This week's column in the Dom Post and Stuff papers covers the results of the second Expert Economist Survey.
A snippet:
New Zealand’s emissions trading scheme (ETS) has improved considerably over the past few years. Through the 2010s, the ETS was a lot more like a low carbon tax set at $20 per tonne.
Now that there is a real and declining cap on net emissions, the price of carbon has risen to $80 per tonne. The carbon charge in a litre of petrol rose accordingly, from about $0.05 to about $0.20.
A lot of Wellington officials support adding policies on top of the ETS. They argue that doing so can force emissions to reduce more quickly.
But when policies target sectors covered by the ETS and those sectors purchase fewer carbon permits, more permits are left for others to buy instead.
And while it is true that the government could take that opportunity to cut the ETS cap more quickly, it could cut the ETS cap more quickly and at less cost to the country as a whole without regulating fuel economy.
We asked whether our expert panel agreed or disagreed with the following proposition: “Tightening the ETS’s cap on net emissions would be a less expensive way to reduce carbon-dioxide emissions than a collection of policies, such as fuel economy standards for imported vehicles, that target emissions already covered by the ETS.”
Thirty-one per cent strongly agreed with the proposition, 54 per cent agreed, and the rest were either uncertain or had no opinion.

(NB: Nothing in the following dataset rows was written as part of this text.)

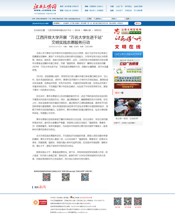 为深入学习贯彻习近平新时代中国特色社会主义思想,践行习近平总书记考察江西重要讲话精神,激发广大学生的社会责任感与实践能力,引导学生努力成长为有理想、敢担当、能吃苦、肯奋斗的新时代好青年,近日,英国上市365官网团委组织20余名青年志愿者走进赣州市蓉江新区,开展“强国有我、青春有为”暑期社会实践活动暨2024年“万名大学生进千站”文明实践志愿服务行动,用脚步丈量青春,用汗水浇灌梦想。
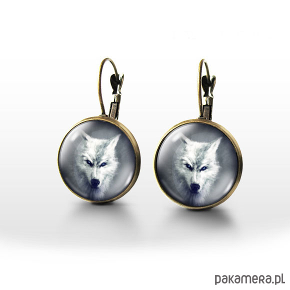 Kolczyki - Biały wilk - brąz
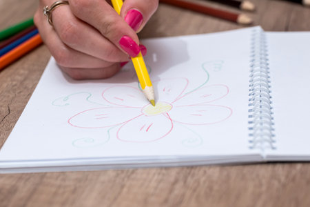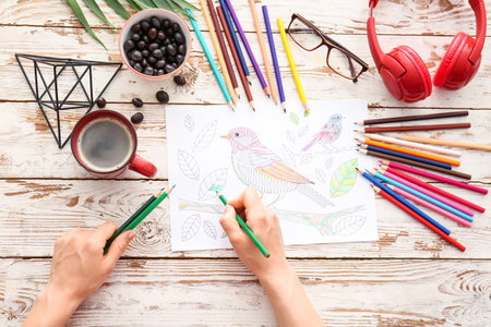 Image of woman coloring, adult coloring book trend, for stress relief. top view. colorer - antistress with colored pencils. Adult coloring books. The woman draws thereby relieves stress

No surveyed economist disagreed.
But that hardly means that economists see no role for complementary policies. Complementary policies can have an important role to play if there are complementary problems to solve.
The ETS puts a price on carbon that deals with the market failure we would otherwise have in carbon emissions. If other market failures unduly hinder adjusting to rising carbon prices, policies directly targeting those market failures may reduce the cost of mitigating emissions. Seventy-seven per cent of our surveyed experts agreed, and none disagreed.
So it is not that economists are opposed to regulatory activity per se. It is rather that those policies need to be appropriately targeted at real additional market failures.
To take an example, if you thought that an $80 carbon price hurt biodiversity because of pine tree planting, the solution would not be to tweak the ETS settings to ignore carbon sequestered in pine forests.
The solution instead would be a subsidy for planting native forests, or a charge reflecting the biodiversity cost of additional pine tree planting in places where more pine trees caused demonstrable harm.
Finally, we asked our experts to choose between two options for dealing with the harms that rising carbon prices can impose on poorer households.
The Government has been trying to target emission reductions in sectors that might be less likely to affect poorer households while also providing subsidies for electric vehicles.
But the Government has another option. It planned on selling 19.3 million ETS credits this year. At $80 per tonne, that would raise enough money to give every family of four a carbon dividend of more than $1200.
Our experts agreed that a carbon dividend is the preferred option: 15% strongly agreed, 54% agreed, 23% were uncertain, and 8% had no opinion.
The full results are up over at the NZAE page.
Wellington has been trying to gaslight me for too long, trying to make me think that I'm the crazy one for continuing to think that the standard lessons I taught at Canterbury, the same standard core micro that's taught everywhere, is now somehow all wrong. The Survey is a nice sanity check for me. I'm not mad; the Ministries are madhouses.